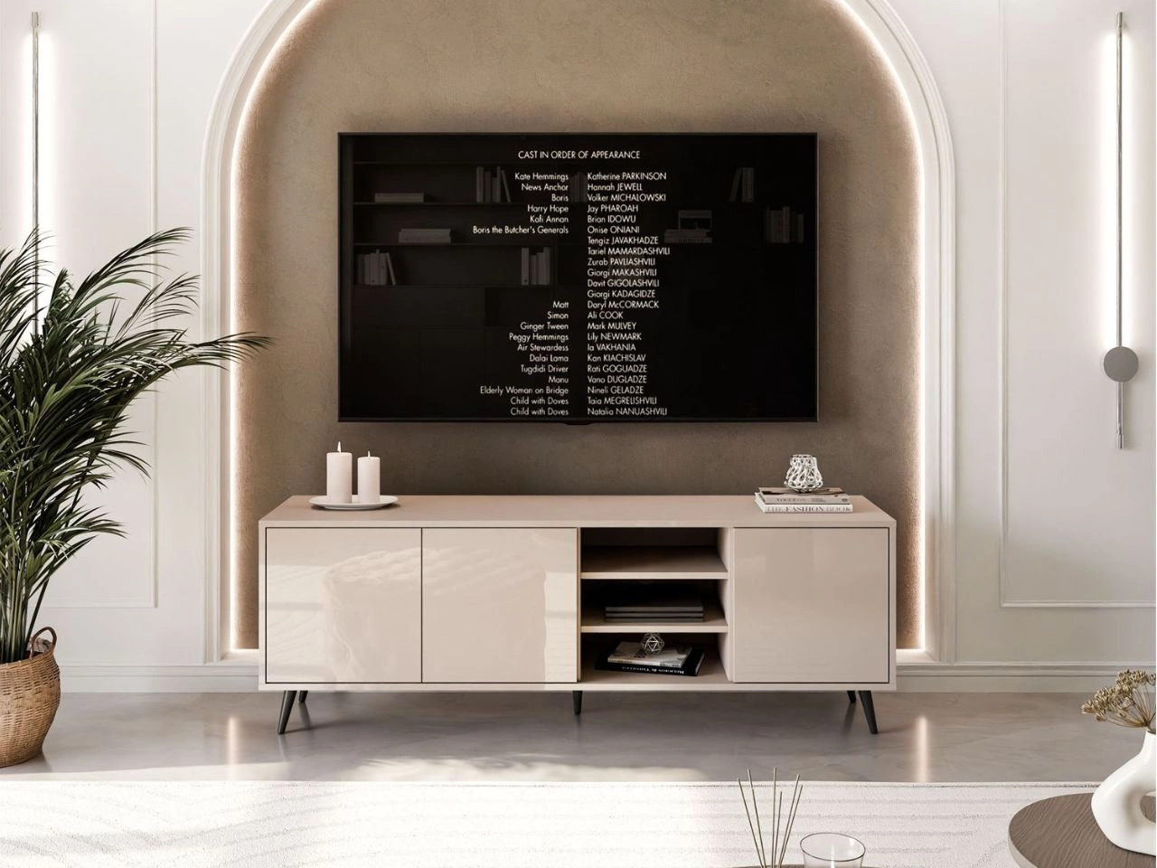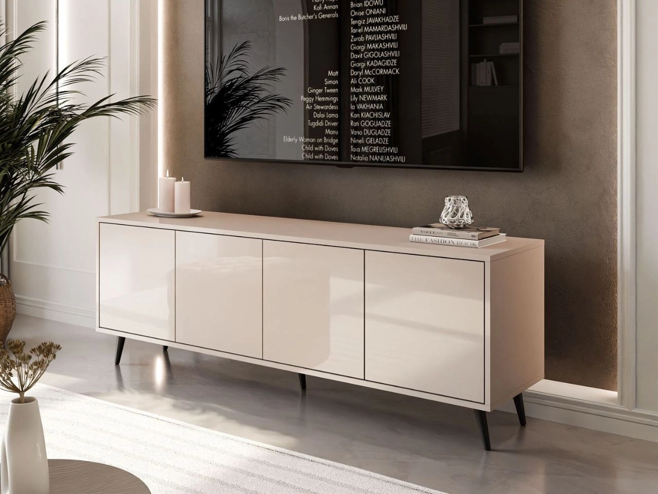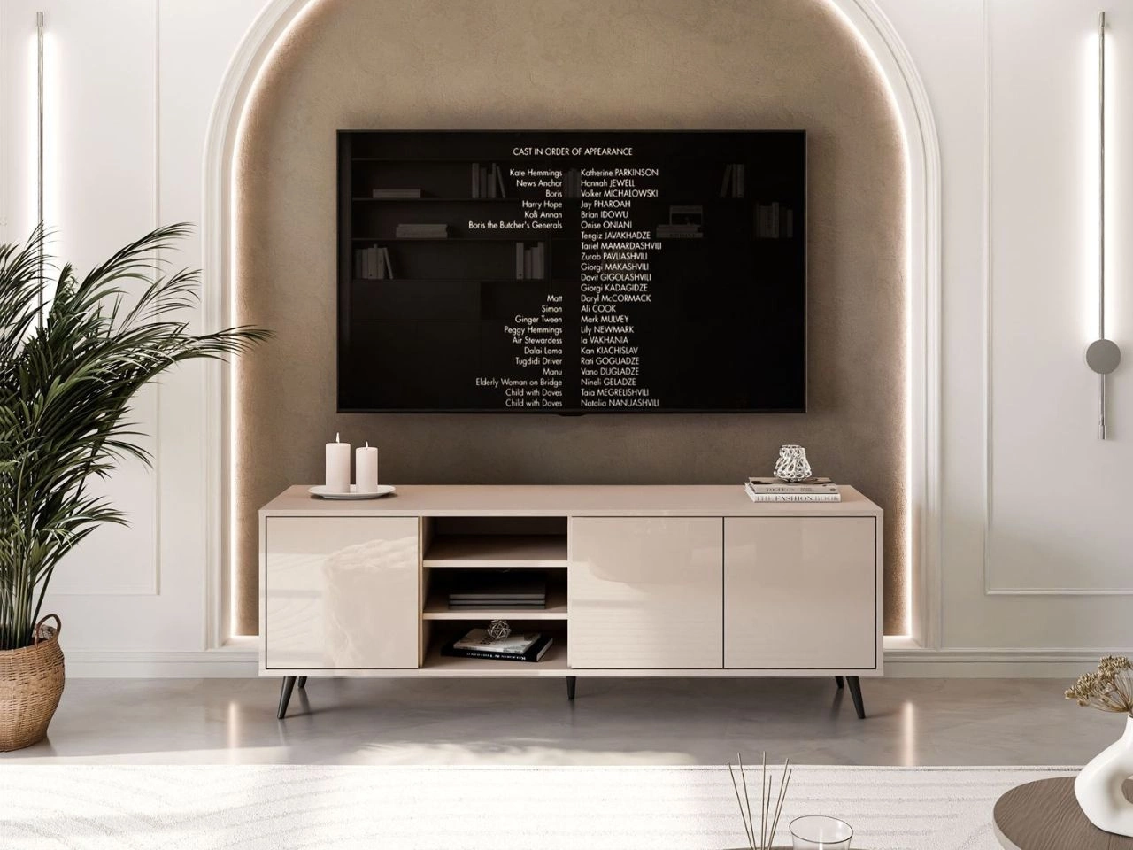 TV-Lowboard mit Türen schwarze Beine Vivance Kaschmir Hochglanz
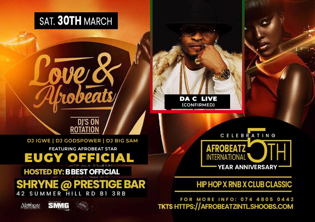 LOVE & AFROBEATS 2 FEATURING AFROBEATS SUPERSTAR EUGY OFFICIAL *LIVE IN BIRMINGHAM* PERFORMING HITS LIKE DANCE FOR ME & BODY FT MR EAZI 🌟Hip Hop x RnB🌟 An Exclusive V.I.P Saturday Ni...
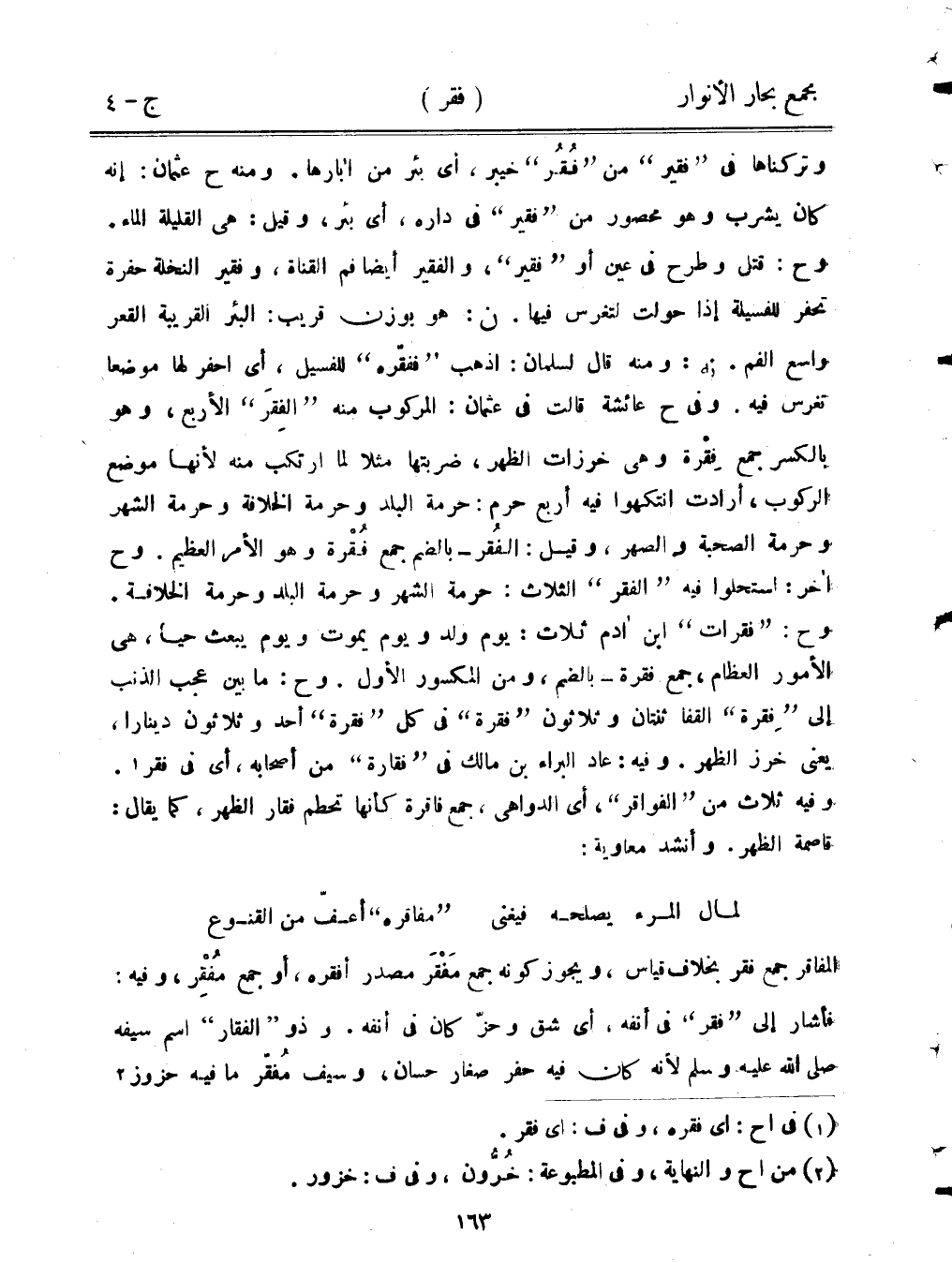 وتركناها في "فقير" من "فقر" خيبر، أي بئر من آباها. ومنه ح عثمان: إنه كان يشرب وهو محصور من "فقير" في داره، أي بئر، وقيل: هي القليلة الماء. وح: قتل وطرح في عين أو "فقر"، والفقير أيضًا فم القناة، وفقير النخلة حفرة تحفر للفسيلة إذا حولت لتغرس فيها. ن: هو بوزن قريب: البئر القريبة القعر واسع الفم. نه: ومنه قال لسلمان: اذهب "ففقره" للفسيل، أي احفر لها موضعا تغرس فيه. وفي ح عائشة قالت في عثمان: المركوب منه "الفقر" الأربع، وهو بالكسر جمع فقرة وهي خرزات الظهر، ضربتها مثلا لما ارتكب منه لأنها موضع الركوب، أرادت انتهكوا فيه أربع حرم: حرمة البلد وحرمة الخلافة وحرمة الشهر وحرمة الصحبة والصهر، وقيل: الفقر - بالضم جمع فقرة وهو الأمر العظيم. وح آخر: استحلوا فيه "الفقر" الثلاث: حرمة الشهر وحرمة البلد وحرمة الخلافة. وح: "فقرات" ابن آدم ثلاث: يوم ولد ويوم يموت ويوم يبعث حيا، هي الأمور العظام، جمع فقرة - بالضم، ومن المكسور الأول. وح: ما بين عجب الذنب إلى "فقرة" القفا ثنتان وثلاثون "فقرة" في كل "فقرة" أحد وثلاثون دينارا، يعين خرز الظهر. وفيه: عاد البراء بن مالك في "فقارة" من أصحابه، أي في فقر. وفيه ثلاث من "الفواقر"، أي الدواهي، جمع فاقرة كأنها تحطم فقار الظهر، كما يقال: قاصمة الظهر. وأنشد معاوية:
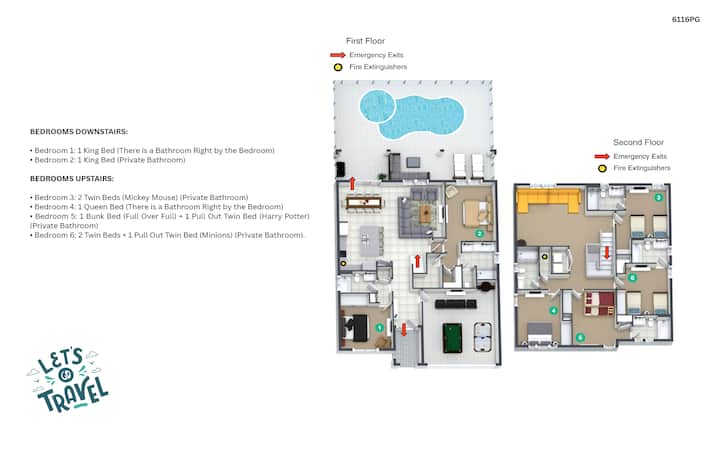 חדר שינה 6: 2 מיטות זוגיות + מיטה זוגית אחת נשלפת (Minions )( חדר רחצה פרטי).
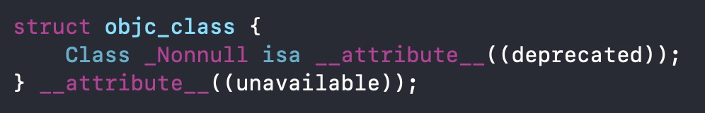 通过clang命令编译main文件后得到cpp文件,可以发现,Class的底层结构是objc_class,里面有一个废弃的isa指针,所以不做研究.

## WORK TASK
Each line from the beginning of the entries up to and including the one containing "LOVE & AFROBEATS" must be restated exactly. Pictures are to be left out.

## SOLUTION FOR THIS PROBLEM
 TV-Lowboard mit Türen schwarze Beine Vivance Kaschmir Hochglanz
 LOVE & AFROBEATS 2 FEATURING AFROBEATS SUPERSTAR EUGY OFFICIAL *LIVE IN BIRMINGHAM* PERFORMING HITS LIKE DANCE FOR ME & BODY FT MR EAZI 🌟Hip Hop x RnB🌟 An Exclusive V.I.P Saturday Ni...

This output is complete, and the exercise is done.